Andrew...thanks very much for your article. You've raised many important issues of an essential function that have rarely had the prominence they deserve. Well done.

Paran
July 31, 2015

I asked a fund manager when was the last time he/she had rewarded (financially and in surveys) in proportion to the quality of research, and if he/she was prepared to pay in proportion to the quality of research i.e. 5% of the upside (including the ones that end up being wrong). The logic was simple: create a win-win, and which would be obviously better than paying 20bps on something that halves in value.
Let us (NOT) discuss how many might be keen to take up the offer. As Mr. Packer (Snr) used to say, if you pay peanuts,......

Andrew
July 30, 2015

Hi Giselle

Andrew here - the article's author - Winston has no current relationship with Select (has not had one for over 18 months), and at the time I wrote the article, I was unaware that Chris Cuffe has a relationship with Atrium (but I do now).

thanks

Andrew

giselle
July 30, 2015

may I also suggest it is remiss of you not to state your interests, Atrium is now associated with Chris Cuffe and Winston is a preferred service provider to Select. To state that these are therefore ' well resourced' and therefore implicitly recommended is a conflict of interest. Im interested to see if you are prepared to publish this.

Jerome Lander
July 30, 2015

Very good article Andrew. Unfortunately research is not valued enough by the market or seen as a value adding activity, and this is what causes the problem. Far from being a compliance function, research should be about deep due diligence performed by experienced individuals focused on the best areas of investment opportunity and capable of making genuinely value adding decisions in the context of a portfolio's objectives. Unfortunately this is more expensive, is inconsistent with the status quo, and therefore not done by the vast majority of the market.

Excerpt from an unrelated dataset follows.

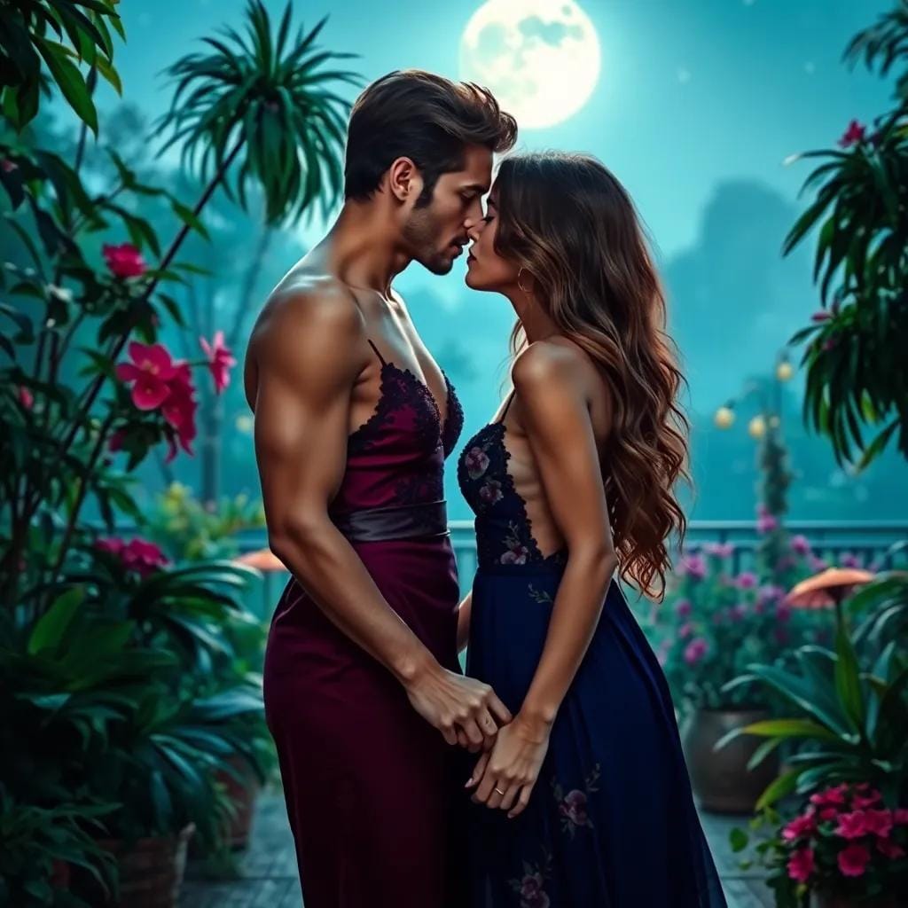 As Julian finished, she reached out and gently touched his hand, her fingers intertwining with his in a gentle caress. Their evening continued, a gentle dance of words and emotions, as they strolled through the garden, the stars beginning to twinkle above. They found a secluded spot, where a bench overlooked the city, and Julian pulled Emma close, his arms wrapping around her like a warm blanket.

The reality is that much research conducted these days is not particularly helpful in an investment context, tends to support highly established strategies at the wrong end of their life-cycle from an investment point of view, and is biased towards past performance. Very little research is conducted on the most value adding opportunities and strategies that originate from investment managers - these are almost routinely not considered by most broad based research providers. Indeed, if you want to add value from manager selection, you better be thinking outside the square and prepared to do things differently from most.

giselle
July 30, 2015

This is a vexed issue with many counterparties. Start with the product providers who are essentially required to have ratings to make their way into self /advisor directed investors. Otherwise who can provide the appropriate level of due diligence? Should the internal research department? Of course, but as you state there are so many funds across asset classes that it is nearly impossible to cover all, and the cost would be large.
If rating houses no longer accept payment payments, would it then not be appropriate for the fund to reduce their fees given they will not be paying for such ratings? The problem is that these are mostly a rounding error for large funds, while for emerging fund may be quite substantial. What if funds simply chose not to provide data?
In my view the rating organisation work hard to prevent conflict of interest, and there is no reason funds should not pay some of the work involved. That said, relying only on ratings largely fails the client and their organisation. The method of rating is obscure - a secret sauce of factors weighted according to them. If one wishes to apply a greater weight to downside risk or fees, one cannot do so.
Substantial issues resides within funds themselves. Many (not all) they treat non institutional investors as a source of high margin profit, even though these are often long loyal and low cost to service. The fee disparity is a major unspoken issue, in particular performance fees and how they are calculated. They provide little disclosure on the performance and attribution - usually a lame this went up, this went down, two pager, which tells one nothing at all. and many more.
Before you castigate those that have to look in the eye of the investor, the funds industry should have a good look at itself.